Long-Read Genome Assemblies Open New Doors for Studying TEs

In our study, high-quality genomes assembled via long reads have circumvented many of the previous challenges associated with studying TEs and repeats (Khost et al. 2017), and enabled high confidence annotation of TE insertions. Further, our approach of integrating phylogenetics, functional genomics, and comparative genomics has revealed a comprehensive picture of the dynamics of TE suppression escape and subsequent reestablishment of silencing and their effects on the rest of the genome. These high-quality genome assemblies will further facilitate the molecular dissection of the nucleotide changes in TEs causing suppression escape in future studies. With the rapidly decreasing cost and less input material in generating high-quality assemblies (Adams et al. 2020), it will become easier and cheaper to identify de novo insertions. Despite the rapid adoption of new sequencing technologies, TEs and repeats often remain understudied. Our study demonstrates that assembling repeats is among one of the greatest advantages to long-read sequencing, and allows for a comprehensive investigation of TEs in a phylogenetic context.

Materials and Methods

Fly Strains and Nanopore Sequencing

We extracted high molecular weight DNA from ∼50 females from D. nasuta 15112-1781.00, D. kepulauana 15112-1761.03, D. s. albostrigata 15112-1771.04, D. s. bilimbata 15112-1821.10, D. s. sulfurigaster 15112-1831.01, and D. pallidifrons PN175_E-19901 using the QIAGEN Gentra Puregene Tissue Kit.

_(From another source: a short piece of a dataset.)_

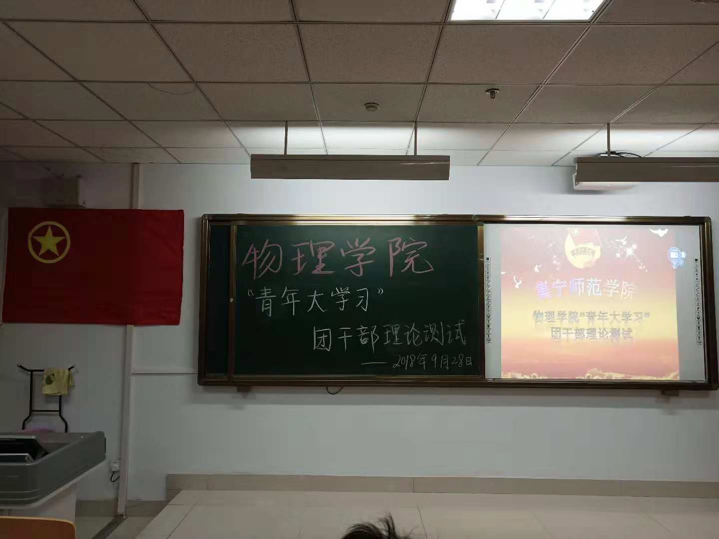 为了深入学习宣传贯彻习近平新时代中国特色社会主义思想和党的十九大精神,了解同学们对习近平新时代中国特色社会主义思想的认识,考查我院青年大学生关于共青团知识理论及党的十九大精神的学习成果。按照团委“青年大学习”行动的工作部署,9月28日晚七点,物理学院进行了“青年大学习”理论知识闭卷考试。参加人员有团总支干部、各个班级团支部干部和班级干部。并由赵鹏宇老师和马振寰老师监考。

The D. kepulauana high molecular weight DNA was sequenced on PacBio RS II platform at UC Berkley QB3 genome sequencing center. The high molecular weight DNA of other species was sequenced on Nanopore MinIOn.

Genome Assemblies

We used a similar approach to obtain highly contiguous genome assemblies for each species. Pipelines differ slightly depending on the quality of the final genome. For details on assembly methods and statistics for each genome, see supplementary materials and table S2, Supplementary Material online. We used canu (Koren et al. 2017) to error-correct Nanopore or PacBio long reads, which were then used for an initial genome assembly using a combination of wtdbg2 (Ruan and Li 2020) and Flye (Kolmogorov et al. 2019). The assemblies were polished using Illumina paired end reads (from Mai et al. 2020), typically three times with minimap2 (Li 2018) and Racon (Vaser et al. 2017) followed by one round of Pilon (Walker et al. 2014). Bacterial contaminated contigs were identified by BLAST against the NCBI database and removed. The filtered genome was scaffolded using Hi-C data with the Juicer and 3d-dna pipeline (Dudchenko et al. 2017); strings of 50 N’s were placed between scaffolded contigs. To maximize assembly quality, we generated two genomes for the species D. kepulauana and D. s. albostrigata using both wtdbg2 and Flye, then used quickmerge (Chakraborty et al. 2016) to combine the assemblies. For D. albomicans, we used quickmerge to combine our new assembly with the previous Pacbio-based high-quality assembly to maximize the assembly quality. These strategies resulted in highly complete (BUSCO scores 98.5–99.7%) and highly contiguous assemblies (supplementary table S2, Supplementary Material online).

Gene Annotation and Clustering

We used MAKER to annotate genes in each species’ genome assembly (Campbell et al. 2014). To train MAKER’s gene inference model, we generated a transcriptome from D. albomicans and D. nasuta RNA seq data from Zhou and Bachtrog (2012). RNA seq data from D. albomicans and D. nasuta were aligned to the corresponding genome assemblies with HISAT2 under default settings (Kim et al. 2019). The alignments were then used to create transcriptomes using StringTie (Pertea et al. 2015). Additionally, satellites and repeats in the genome assemblies for each species were masked using RepeatMasker in preparation for gene annotations (Smit et al. 2013). Then, using both the D. albomicans and D. nasuta transcriptomes, we ran MAKER with default settings. We then took the annotations and determined gene homology between species with OrthoDB (Kriventseva et al. 2019).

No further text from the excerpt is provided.